Work instructions
From the line that contains "International Bazaar. Three" down to the last line of the data below, restate every line word for word, skipping any images.

Exercise inputs
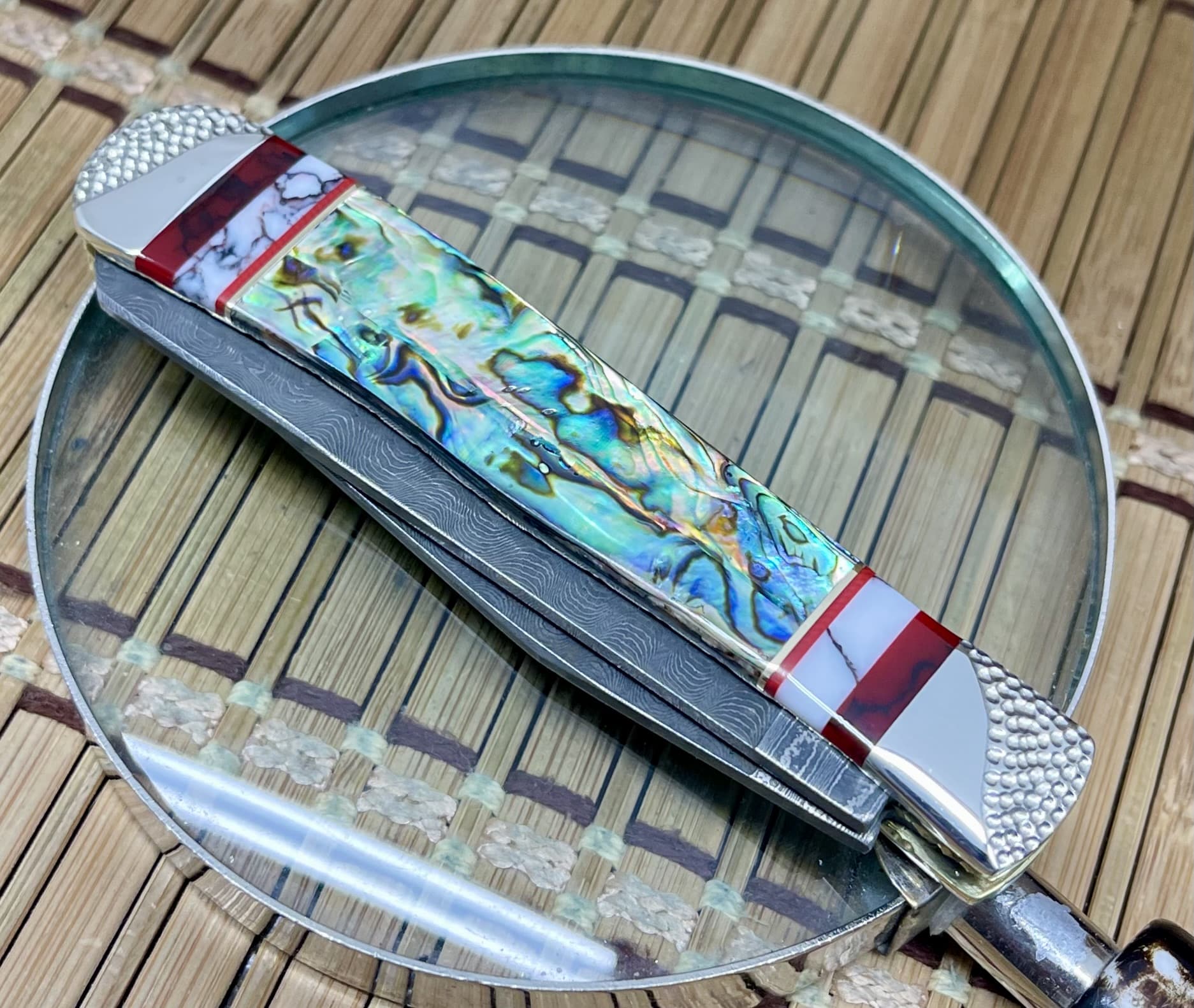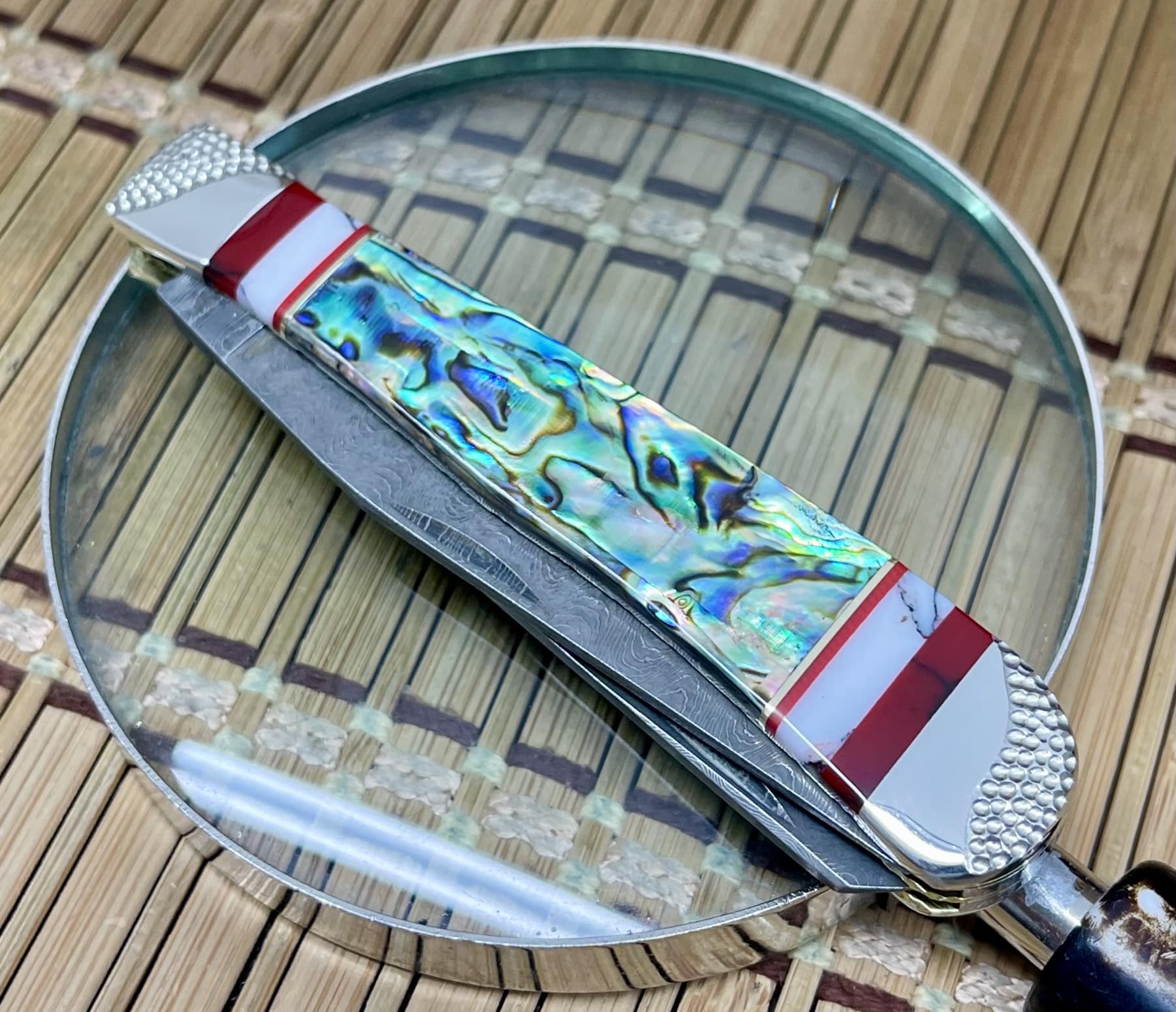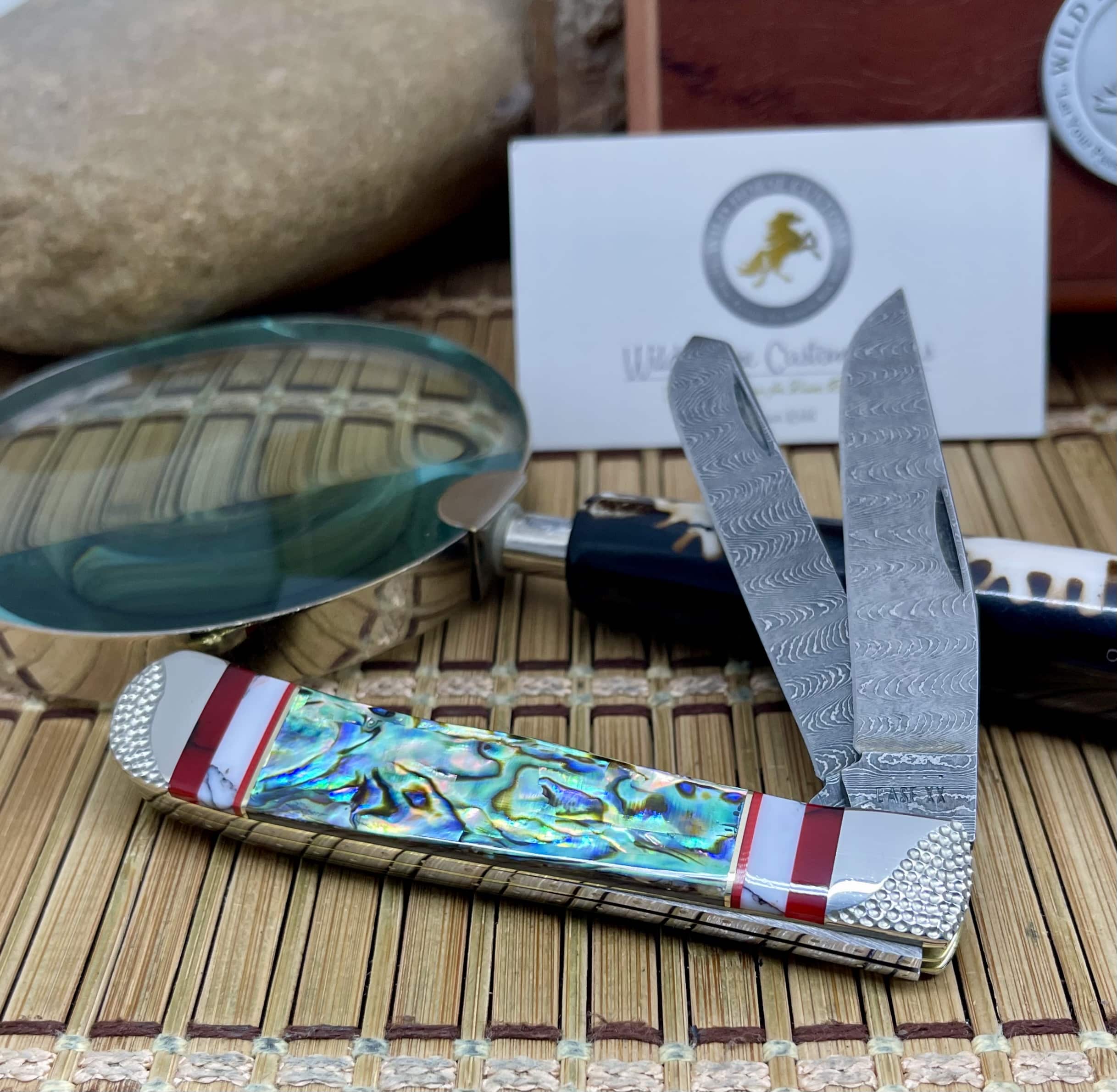This case abalone trapper knife features exotic Paua Abalone, Bloody Jasper, and Wild Horse Jasper, accented with channel inlays of nickel silver and blood coral for incredible depth and brilliance.
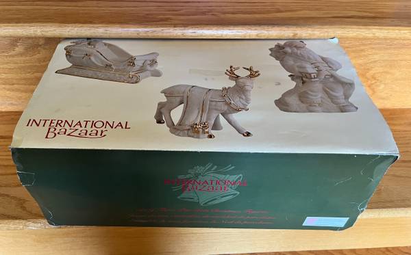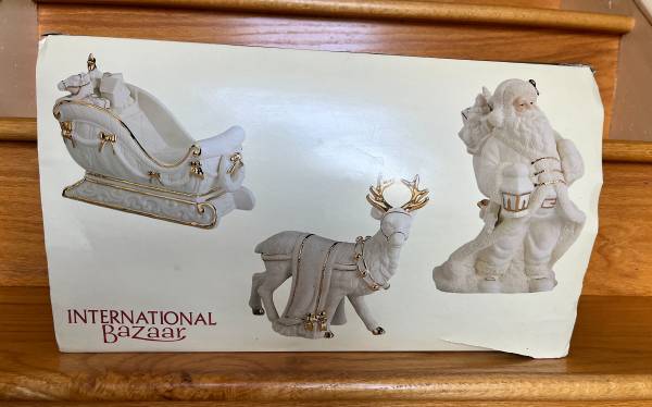 International Bazaar. Three Porcelain Figurines. Santa, Sleigh, and Reindeer. Only taken out of box for CraigList photos. Smoke free home. If interested, please contact me; enter posting title into...
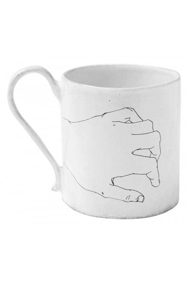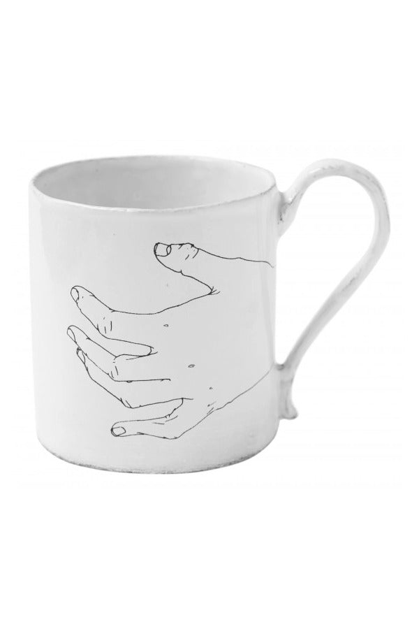 Astier de Villatte Lou Doillon Cup Two Hands is part of the Lou Doillon Collection. Lou Doillon loves observing and drawing hands, her left hand becoming the model for her right. As is reflected in the 17 mischievous hand drawings she has created for 17 white Astier de Villatte ceramic cups. No two are alike.
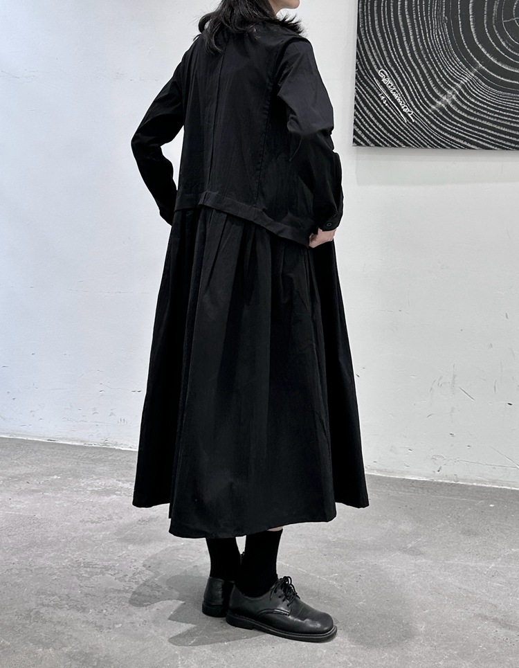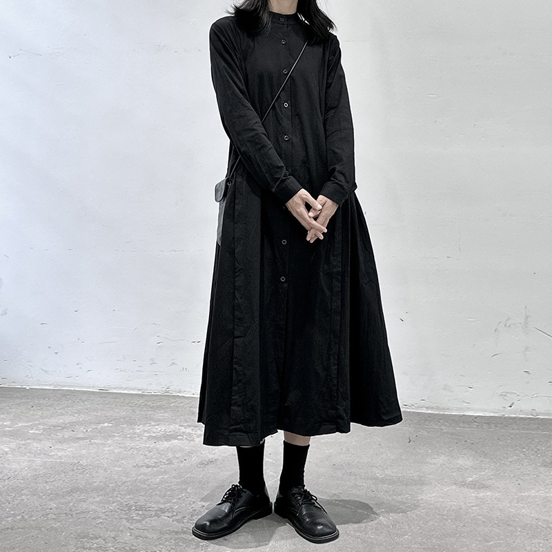 【ワンピース】フレンチレトロ 切替デザイン 大ポケット 長袖 ワンピース 秋新作 ゆったり 【JZシリーズ】
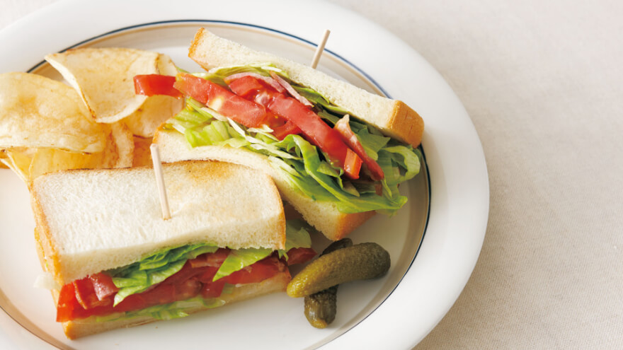 ベーコン(Bacon)、レタス(Lettuce)、トマト(Tomato)の頭文字をとったサンドイッチ。カリカリベーコンのうまみと野菜のみずみずしさが絶妙のバランスです。
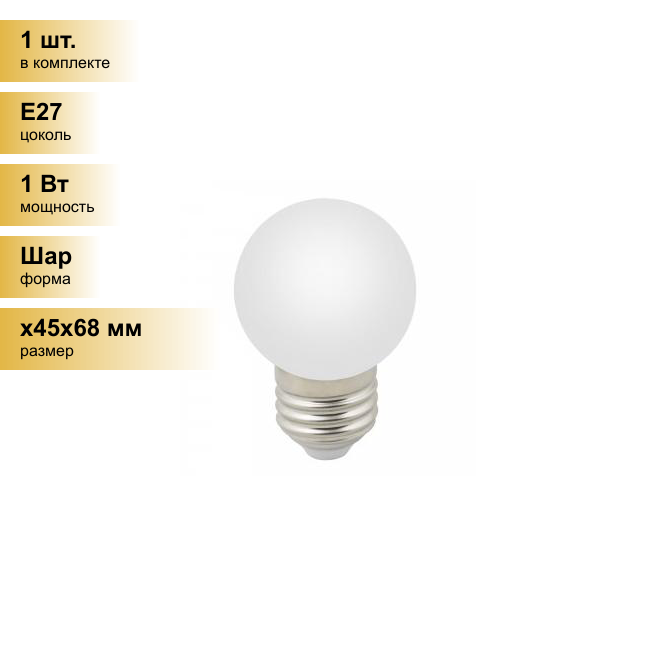 Лампы светодиодные Volpe LED-G45-1W/3000K/E27/CL/С, цена за 1 шт
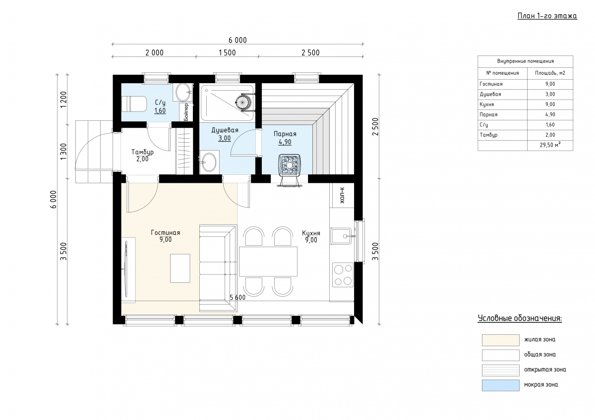 Внутренние помещения занимают 30 м², включая гостиную и кухню по 9 м², парную 5 м², душевую 3 м², санузел и небольшой тамбур. Просторные окна добавляют визуального простора, а фахверковый стиль подчеркивает изысканность архитектуры.
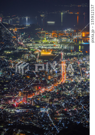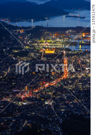 日本 広島県呉市栃原町にある灰ヶ峰の展望台から望む呉の市街地の夜景と瀬戸内海

Final answer
 International Bazaar. Three Porcelain Figurines. Santa, Sleigh, and Reindeer. Only taken out of box for CraigList photos. Smoke free home. If interested, please contact me; enter posting title into...
 Astier de Villatte Lou Doillon Cup Two Hands is part of the Lou Doillon Collection. Lou Doillon loves observing and drawing hands, her left hand becoming the model for her right. As is reflected in the 17 mischievous hand drawings she has created for 17 white Astier de Villatte ceramic cups. No two are alike.
 【ワンピース】フレンチレトロ 切替デザイン 大ポケット 長袖 ワンピース 秋新作 ゆったり 【JZシリーズ】
 ベーコン(Bacon)、レタス(Lettuce)、トマト(Tomato)の頭文字をとったサンドイッチ。カリカリベーコンのうまみと野菜のみずみずしさが絶妙のバランスです。
 Лампы светодиодные Volpe LED-G45-1W/3000K/E27/CL/С, цена за 1 шт
 Внутренние помещения занимают 30 м², включая гостиную и кухню по 9 м², парную 5 м², душевую 3 м², санузел и небольшой тамбур. Просторные окна добавляют визуального простора, а фахверковый стиль подчеркивает изысканность архитектуры.
 日本 広島県呉市栃原町にある灰ヶ峰の展望台から望む呉の市街地の夜景と瀬戸内海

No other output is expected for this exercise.